I am yet to find out more, but it looks like the rotary coupler I bought works fine for cruise control, but not the airbag (maybe), and my two left wheels are closer together than my two right wheels.

It never used to do this before I put new wheels and tyres on and had the wheel alignment done, so I think the wheel alignment just needs to be done again to compensate for the rear axle.

I will find out more when I speak to the garage later today (when I pick up the car).
 
yeah - replaced the trailing arm bushes myself not so long ago anyway.

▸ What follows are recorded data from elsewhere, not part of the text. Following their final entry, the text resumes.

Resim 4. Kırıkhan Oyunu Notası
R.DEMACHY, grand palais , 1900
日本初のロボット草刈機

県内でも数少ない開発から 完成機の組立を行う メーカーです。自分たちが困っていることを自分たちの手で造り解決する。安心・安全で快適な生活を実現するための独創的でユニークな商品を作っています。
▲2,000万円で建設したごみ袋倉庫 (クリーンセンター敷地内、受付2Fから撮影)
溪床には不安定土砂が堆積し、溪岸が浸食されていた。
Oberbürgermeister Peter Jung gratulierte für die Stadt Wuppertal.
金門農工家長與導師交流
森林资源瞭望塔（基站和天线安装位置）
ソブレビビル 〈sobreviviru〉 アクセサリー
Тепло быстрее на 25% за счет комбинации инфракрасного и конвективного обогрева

turns out the rear axle is bent! The wheel isn't toed in or out by enough to care, but is set forward by 7mm. This combination results in a constant wandering to the left. I therefore plan to shim the trailing arm by 3mm or so!

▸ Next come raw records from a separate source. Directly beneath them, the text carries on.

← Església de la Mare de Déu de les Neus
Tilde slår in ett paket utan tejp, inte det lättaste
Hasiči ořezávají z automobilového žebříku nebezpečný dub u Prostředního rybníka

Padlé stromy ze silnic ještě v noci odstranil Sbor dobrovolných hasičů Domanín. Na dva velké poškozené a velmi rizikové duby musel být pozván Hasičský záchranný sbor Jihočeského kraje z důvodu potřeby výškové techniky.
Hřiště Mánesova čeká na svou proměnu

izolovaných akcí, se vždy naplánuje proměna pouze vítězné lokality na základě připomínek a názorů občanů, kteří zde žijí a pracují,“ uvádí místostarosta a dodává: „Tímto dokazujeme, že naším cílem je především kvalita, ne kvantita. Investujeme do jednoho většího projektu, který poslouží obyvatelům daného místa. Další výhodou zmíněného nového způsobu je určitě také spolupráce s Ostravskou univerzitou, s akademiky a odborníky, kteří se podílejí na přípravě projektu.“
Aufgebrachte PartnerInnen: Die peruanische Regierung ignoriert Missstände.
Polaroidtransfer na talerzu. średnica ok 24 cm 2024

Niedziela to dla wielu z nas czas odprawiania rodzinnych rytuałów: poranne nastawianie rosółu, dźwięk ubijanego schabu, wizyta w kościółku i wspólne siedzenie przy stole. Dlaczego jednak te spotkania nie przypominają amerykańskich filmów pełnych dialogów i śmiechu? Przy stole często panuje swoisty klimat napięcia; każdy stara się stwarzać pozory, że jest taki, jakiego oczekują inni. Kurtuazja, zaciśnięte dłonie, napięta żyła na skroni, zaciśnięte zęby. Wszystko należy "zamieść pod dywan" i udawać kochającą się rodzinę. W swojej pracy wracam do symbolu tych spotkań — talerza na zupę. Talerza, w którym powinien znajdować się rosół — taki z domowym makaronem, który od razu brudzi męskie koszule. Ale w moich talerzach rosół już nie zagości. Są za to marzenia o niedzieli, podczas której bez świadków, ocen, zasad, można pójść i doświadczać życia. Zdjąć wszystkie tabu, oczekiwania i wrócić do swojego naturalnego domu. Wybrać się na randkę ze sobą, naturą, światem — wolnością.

Any idea what shims I need to ask for? (i.e. internal diameter, external diameter, material)?

As for the SRS light, it looks like the rotary coupler I bought from the scrappy is broken, so I need to buy another one.
 
right - both of these problems are solved!!

Rear-left trailing arm has been shimmed by about 2-3mm and it drives straighter than any car i've ever owned.

Regarding the SRS light, I put in another rotary coupler from the scrappy and the light reset itself, so no need for a diagnostics computer in my case! :D

So... on to the next question... i'd like to replace the two plastic "plugs" under the bonnet with brass ones. I understand this is done by everyone. Should I buy 2x ERR4686B or is this the wrong part number?

Also, I'm getting tired of unseizing my rear-left brake caliper. I know I can buy a piston & seal kit, but i'd rather buy a new caliper. Should I buy 1x STC1265 or 1x SMC500240G or am I wrong again?

Thanks in advance! :D
 
right - both of these problems are solved!!

Rear-left trailing arm has been shimmed by about 2-3mm and it drives straighter than any car i've ever owned.

Regarding the SRS light, I put in another rotary coupler from the scrappy and the light reset itself, so no need for a diagnostics computer in my case! :D

So... on to the next question... i'd like to replace the two plastic "plugs" under the bonnet with brass ones. I understand this is done by everyone. Should I buy 2x ERR4686B or is this the wrong part number?

Thanks in advance! :D

Excellent news on the resolution of those problems, re the replacement of the black plastic plugs, go to your nearest big DIY store and buy yourself a pair of half inch chrome radiator plugs. They come complete with a rubber O-ring and are perfect for the job.

Dave
 
he's right about the plugs.

the QT alloy ones are suprisingly cheap but the BnQ items are the easiest to obtain.

You could even try the ones with the built in bleed screw, very handy!
 
So instead of buying 2x ERR4686B I should just pop to B&Q and buy two half-inch chrome radiator plugs? I'll give that a try tomorrow. Is brass not the recommended material though, to replace the plastic ones?

What is "QT Alloy"? Are they one proper Land Rover ones?

Also, I'm getting tired of unseizing my rear-left brake caliper. I know I can buy a piston & seal kit, but i'd rather buy a new caliper. Should I buy 1x STC1265 or 1x SMC500240G or am I wrong again?